- PROBLEM TO WORK ON: Each entry is to be given again exactly; drop the images.
═══ TASK MATERIAL
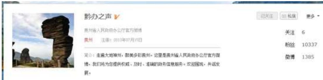
图 2-9：@黔办之声 人民微博平台官方账号
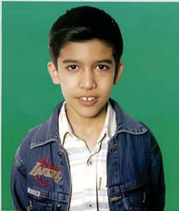
کیان که ورک - مه هاباد
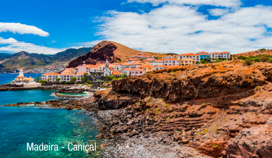
Madeira - Canical
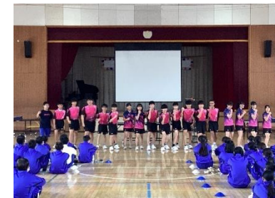
新入生歓迎会(部活動紹介)

実は、西原中で行われる行事や集会のほとんどが、「生徒たちが一から作り上げたもの」ばかりなのです。行事を作り上げるためには、まず生徒会や委員会の代表、実行委員、部長といったリーダーが必要となります。そのリーダーたちは「どんな集会にするか」、「目的は何か」、「全校の前で何を話すか」、「何を、いつまでに、誰が準備するのか」を考えます。そして、企画書を作成し、発表原稿を書き、説明用の動画を撮影し、パワーポイントにまとめ、何度も練習やリハーサルを行い、行事本番を迎えるのです。また、発表内容も、前年度の先輩の真似ではなく、今年度の3年生独自のカラーに革新されたものとなっており、我らが先輩ながらただただ感心してしまいました。
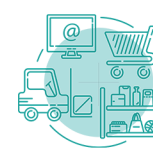
Wirtschaft / Verwaltung

gemäß §§ 66 BBiG / 42r HwO (Besondere Regelungen bzgl. Behinderungen) und §§ 4 BBiG / 25 HwO (Regelausbildung)
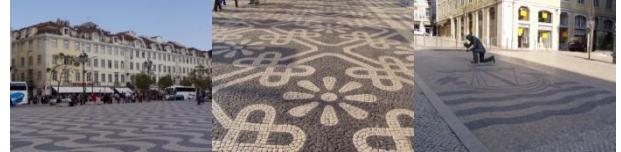
Şekil 2 Barcelona, Madrid ve Lizbon kentlerine kimlik kazandıran donatı elemanı örnekleri (Özgün)
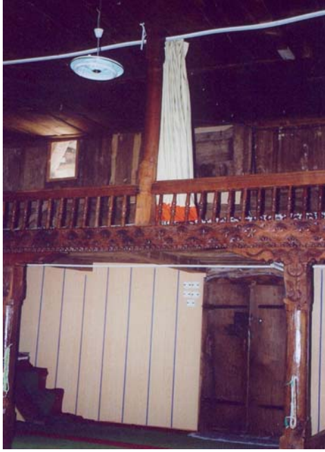
Resim: 13- Ordu/İkizce Laleli (Eski) Camii'nin Kadınlar Mahfili
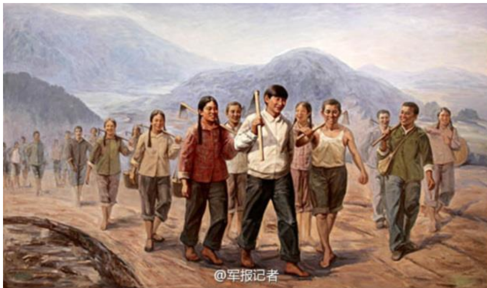
Obrázek 10 Xi Jinping v Ningde
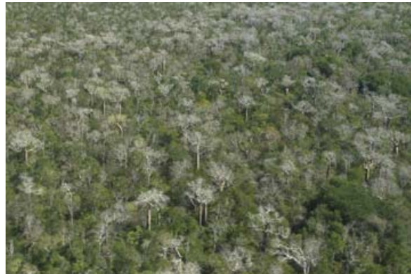
Trockenwald mit unzähligen Baobab

▶ Siehe auch unter „ Baden “ – Liste der Badestrände / Westen , unter „ Baustil und Gebäude “ (Fotos Ringsiedlungen), unter „ Bevölkerung “ – Sakalava, unter „ Distanz- und Fahrzeit-Tabellen “ – Fahrzeiten sowie Tabelle „Distanzen - ganze Insel“ sowie Tabelle „Distanzen – Westen“, unter „ Flughäfen “, unter „ Fotos / Film / Video “, unter „ Geographie “ – Hochland , Westen , unter „ Gewässer “, unter Naturschutzpärke “ – Bemaraha Sud und Bemaraha Nord , Forêt von Kirindy , unter „ Orte-Info-Blätter “ – Morondava , unter „ Ortschaften “ – Morondava , Miandrivazo , unter „ Pflanzen “ – Affenbrotbäume , unter „ Reis “, unter „ Reiserouten “ – Kleine West-Tour , Grosse West-Tour , Flussfahrt auf dem Manambolo unter „ Touristik-Karten “ – Westen , unter „ Tsingy “ – Bemaraha, unter „ Vegetationszonen “, unter „ Verkehrsmittel “ – Fähren , Schiffe , und unter „ Wahrzeichen und Highlights “ – Flussschiff-Fahrten, Gräber, Lemuren, Tsingy.
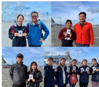
全日本スナイプミックス選手権大会 11月11～12日 小戸
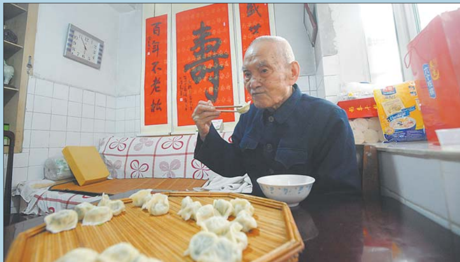
老人早餐西红柿鸡蛋面、中午蒸包、晚饭水饺，十几年几乎没有变过。
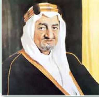
الملك فيصل بن عبدالعزيز
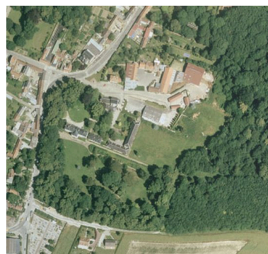
Vue aérienne.
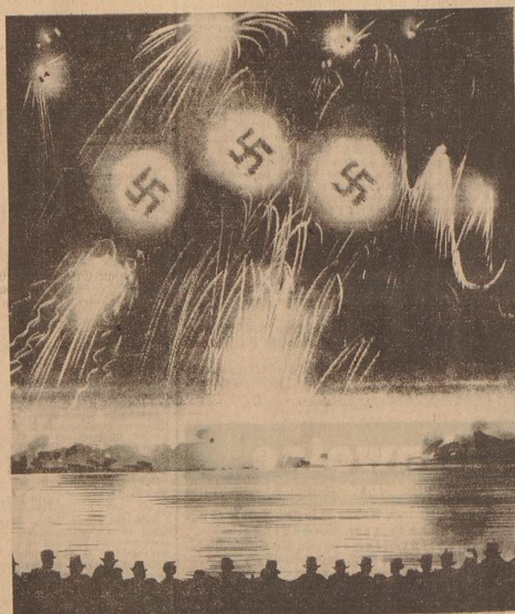
Zeichnung: F. Schoppa

Das nun uns bereits wie, behält angelegentliches Feuerwerk am morgigen Abend wird wieder auf dem Babstrand gegenüber der Siedwallfähre abgebrannt. Mit dem Abbrand des Feuerwerks um etwa 21.30 Uhr zu rechnen. Die Absperrung erfolgt ab 19 Uhr. Sie wird auf der Osterdeichseite vorgenommen, vom Alten Wall bis Bremer Kampbahn, Höhe Berdener Str. Das Parzellengelände auf dem Waber wird abgeperrt ab Wasserwerk. Söbde Bremer Ruderverein. Sämtliche Parzellisten können ab 19 Uhr die abgeperrten Auen nur gegen Vorlegung des Parzellistenausweises passieren. Es wird ausdrücklich darauf hingewiesen, daß die Abperrmannschaft angewiesen ist, niemand ohne Ausweis durch die Abperrung gelangen zu lassen.
══════
- OUTPUT BELOW:
图 2-9：@黔办之声 人民微博平台官方账号
کیان که ورک - مه هاباد
Madeira - Canical
新入生歓迎会(部活動紹介)

実は、西原中で行われる行事や集会のほとんどが、「生徒たちが一から作り上げたもの」ばかりなのです。行事を作り上げるためには、まず生徒会や委員会の代表、実行委員、部長といったリーダーが必要となります。そのリーダーたちは「どんな集会にするか」、「目的は何か」、「全校の前で何を話すか」、「何を、いつまでに、誰が準備するのか」を考えます。そして、企画書を作成し、発表原稿を書き、説明用の動画を撮影し、パワーポイントにまとめ、何度も練習やリハーサルを行い、行事本番を迎えるのです。また、発表内容も、前年度の先輩の真似ではなく、今年度の3年生独自のカラーに革新されたものとなっており、我らが先輩ながらただただ感心してしまいました。
Wirtschaft / Verwaltung

gemäß §§ 66 BBiG / 42r HwO (Besondere Regelungen bzgl. Behinderungen) und §§ 4 BBiG / 25 HwO (Regelausbildung)
Şekil 2 Barcelona, Madrid ve Lizbon kentlerine kimlik kazandıran donatı elemanı örnekleri (Özgün)
Resim: 13- Ordu/İkizce Laleli (Eski) Camii'nin Kadınlar Mahfili
Obrázek 10 Xi Jinping v Ningde
Trockenwald mit unzähligen Baobab

▶ Siehe auch unter „ Baden “ – Liste der Badestrände / Westen , unter „ Baustil und Gebäude “ (Fotos Ringsiedlungen), unter „ Bevölkerung “ – Sakalava, unter „ Distanz- und Fahrzeit-Tabellen “ – Fahrzeiten sowie Tabelle „Distanzen - ganze Insel“ sowie Tabelle „Distanzen – Westen“, unter „ Flughäfen “, unter „ Fotos / Film / Video “, unter „ Geographie “ – Hochland , Westen , unter „ Gewässer “, unter Naturschutzpärke “ – Bemaraha Sud und Bemaraha Nord , Forêt von Kirindy , unter „ Orte-Info-Blätter “ – Morondava , unter „ Ortschaften “ – Morondava , Miandrivazo , unter „ Pflanzen “ – Affenbrotbäume , unter „ Reis “, unter „ Reiserouten “ – Kleine West-Tour , Grosse West-Tour , Flussfahrt auf dem Manambolo unter „ Touristik-Karten “ – Westen , unter „ Tsingy “ – Bemaraha, unter „ Vegetationszonen “, unter „ Verkehrsmittel “ – Fähren , Schiffe , und unter „ Wahrzeichen und Highlights “ – Flussschiff-Fahrten, Gräber, Lemuren, Tsingy.
全日本スナイプミックス選手権大会 11月11～12日 小戸
老人早餐西红柿鸡蛋面、中午蒸包、晚饭水饺，十几年几乎没有变过。
الملك فيصل بن عبدالعزيز
Vue aérienne.
Zeichnung: F. Schoppa

Das nun uns bereits wie, behält angelegentliches Feuerwerk am morgigen Abend wird wieder auf dem Babstrand gegenüber der Siedwallfähre abgebrannt. Mit dem Abbrand des Feuerwerks um etwa 21.30 Uhr zu rechnen. Die Absperrung erfolgt ab 19 Uhr. Sie wird auf der Osterdeichseite vorgenommen, vom Alten Wall bis Bremer Kampbahn, Höhe Berdener Str. Das Parzellengelände auf dem Waber wird abgeperrt ab Wasserwerk. Söbde Bremer Ruderverein. Sämtliche Parzellisten können ab 19 Uhr die abgeperrten Auen nur gegen Vorlegung des Parzellistenausweises passieren. Es wird ausdrücklich darauf hingewiesen, daß die Abperrmannschaft angewiesen ist, niemand ohne Ausweis durch die Abperrung gelangen zu lassen.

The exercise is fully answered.